Dans un monde où la pollution se niche partout et en tous lieux, où la précarité a remplacé le plein emploi et la misère progresse autant que les degrés du réchauffement climatique. Un monde où
Donald Trump,
Vladimir Poutine, Bachar El-Assad, Kim Jong-Un ont accès aux plus hautes fonctions. Un monde où l'on ne peut plus faire un pas sans devoir supporter le bruit constant provenant de machines grondantes, pétaradantes, hurlantes. Un monde où chacun est rivé, hypnotisé sur son smart-phone mais où l'on ne se parle plus que pour s'insulter copieusement. Un monde régit par la publicité qui se travestit bien souvent en actions commerciales, en publi-reportages dans les journaux, parfois en affiches ou vidéos taxées d'oeuvres artistiques mais dont le seul but est de nous assujettir à un mode de vie, nous contraindre à une consommation effrénée par tous les moyens, nous conditionner tel un troupeau de moutons soumis. La croissance est à ce prix.
Bref, un monde qui marche sur la tête où un pour cent des plus riches détiennent à eux seuls autant que 99% du reste.

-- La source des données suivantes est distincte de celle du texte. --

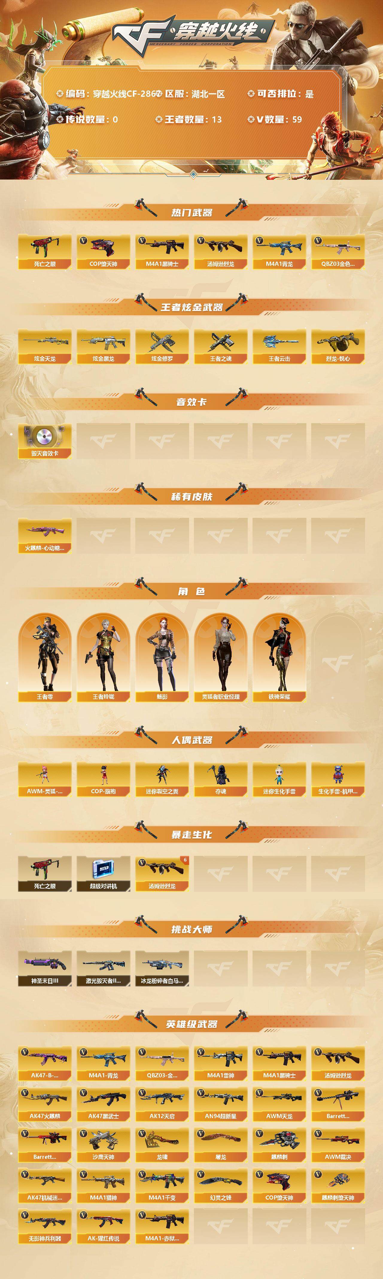 穿越火线(CF)【端游】【商品标题】:湖北一区-59V-13王者-4炫金

Dans ce monde-là, celui où nous vivons, il est bon d'ouvrir parfois une fenêtre sur un jardin fleuri où chantent les oiseaux, sans nuage de particules fines, sans multinationale tentaculaire, sans Donald moumouté, sans compétitivité, sans ronronnement mécanique. Cette fenêtre peut s'ouvrir lorsqu'on plonge dans un roman de
Gilles Legardinier.
J'étais déjà tombé sous le charme de «
complètement cramé » et j'y retourne à nouveau avec celui qui semble être le premier roman jubilatoire de l'auteur (spécialisé par ailleurs dans le polar).
On a encore à faire avec une Amélie Poulin qui s'appelle pour l'occasion Julie Tournelle (au moins on nous épargne le jeu de mots foireux avec Marie…), laquelle voit débarquer un nouveau venu dans son immeuble.
Ricardo Patatras. Il n'en fallait pas davantage pour piquer la curiosité de cette employée de banque qui a d'autres rêves que de proposer des plans de financement à des personnes modestes, de vendre des contrats divers à des gens qui n'en ont pas l'utilité. Déjà amoureuse, elle va jouer les détectives pour tout savoir sur cet étrange voisin. A partir de là, on découvre une ribambelle de personnages attachants. Attention : j'ai dit attachants, pas merveilleux et sans défaut. Ce sont nos petits travers qui font notre charme et ça, Legardinier l'a bien compris. Comme l'avouait le personnage de Lilas dans le roman de
Pierre Pelot (
l'été en pente douce) : « à la fin, ce que les gens aiment bien c'est que ça finisse bien ».
On n'est donc pas déçu par ce petit vent agréable qui souffle doucement dans un monde de brutes. Legardinier aurait-il réinventé le roman à l'eau de rose? On ne va pas s'en plaindre. D'autres, plus graves, plus sérieux et avec surement plus de talent, ont déjà jalonné le terrain des romans essentiels, fondamentaux, intemporels. Mais, reconnaissons le, légèrement prise de tête, non? Pour apprécier tant de noirceur, il faut un peu de banale lumière, celle qui éclaire notre avenir et réchauffe les coeurs meurtris, efface les peines et gomme les chagrins.
Oui,
Gilles Legardinier est un bienfaiteur public, sa prose ragaillardit le moral, ses personnages réconfortent l'âme et les situations rocambolesques donnent du baume à l'être.
Ses écrits devraient être pris en charge par l'assurance maladie.